Podíamos acrescentar as opções do programa Horizon Europe, que financia projectos competitivos no espaço europeu, cujos resultados são invariavelmente em favor de projectos de larga escala com impacto societal imediato, marginalizando projectos focados exclusivamente nas humanidades. Consultem-se os resultados do Pilar II: Desafios Globais e Competitividade Industrial Europeia e perceberão como a prioridade é proteger as áreas STEM e a investigação aplicada, deixando poucas oportunidades para projectos focados nas humanidades. Os programas europeus de financiamento que ainda se focam nas humanidades são cada vez menos inclusivos nos orçamentos globais. Tais programas, como por exemplo o cluster Cultura, Criatividade e Sociedade Inclusiva (que pertence ao Pilar II), acabam por convergir em apoios em áreas muito específicas e com mais impacto comunicacional, como os estudos sobre migrações, memória histórica e o impacto da transformação digital nas democracias europeias. Outros programas mais focados nas humanidades, como o Humanities in the European Research Area (HERA) e o DARIAH (Digital Research Infrastructure for the Arts and Humanities) dificilmente podem competir com as grandes áreas STEM em termos orçamentais.

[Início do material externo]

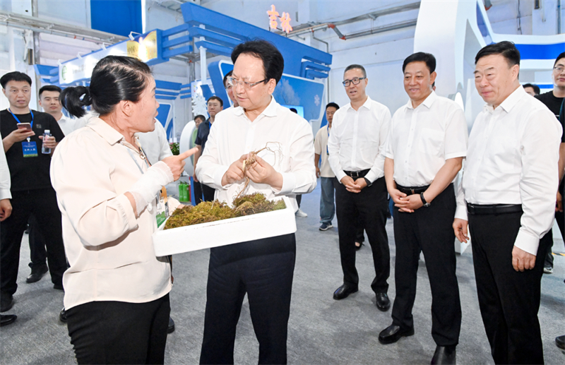 7月22日,省委書(shū)記景俊海,省委副書(shū)記、省長(zhǎng)胡玉亭在農(nóng)產(chǎn)品展示區(qū)與參展商親切交流。鄒乃碩 攝
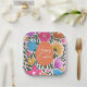 These beautiful Easter paper plates feature a hand drawn floral design in magenta pink, purple, orange, golden yellow, blue, and green over a custom colour background (shown in light pink). Stylish text reading, "Happy Easter" stands out against an orange Easter egg.

Num momento em que se aproxima a conclusão do processo de avaliação das unidades de I&D organizada pela Fundação para a Ciência e a Tecnologia (FCT), e quando sabemos já que mantém o mesmo orçamento de 105 milhões de euros por ano do ciclo de avaliação anterior – o que diz bem dos desígnios pouco ambiciosos do país que numa década não investe nem mais um euro na ciência que aqui se faz –, correm mais do que rumores de que as humanidades também vão ser canceladas em Portugal, porque é necessário reforçar as áreas STEM. Se tal se confirmar, será uma machadada na nossa construção cultural enquanto país que se quer desenvolvido

A marginalização das humanidades comprometerá sempre as oportunidades de trabalho interdisciplinar, que é essencial para enfrentar desafios sociais complexos. Não é possível compreender esses desafios sem as humanidades. Não será nunca possível compreender a raiz da maior parte dos problemas que tanto preocupam os políticos sem uma forte formação humanista. E nem sequer é possível compreender a importância de todas as ciências sem o pensamento humanista que as fundou.


Se querem mais pensamento crítico nas ciências, devem apostar numa maior consciência cultural e numa melhor capacidade para compreender aquilo que conseguimos fazer enquanto pensadores. Esta é base de todas as ciências e as humanidades permitem que essa base comece a ser construída. Se as cancelarmos, se as asfixiarmos nas suas oportunidades de financiamento para que também possam produzir conhecimento novo, são todas as ciências que perdem e jamais poderemos ser o país desenvolvido que ambicionamos ser.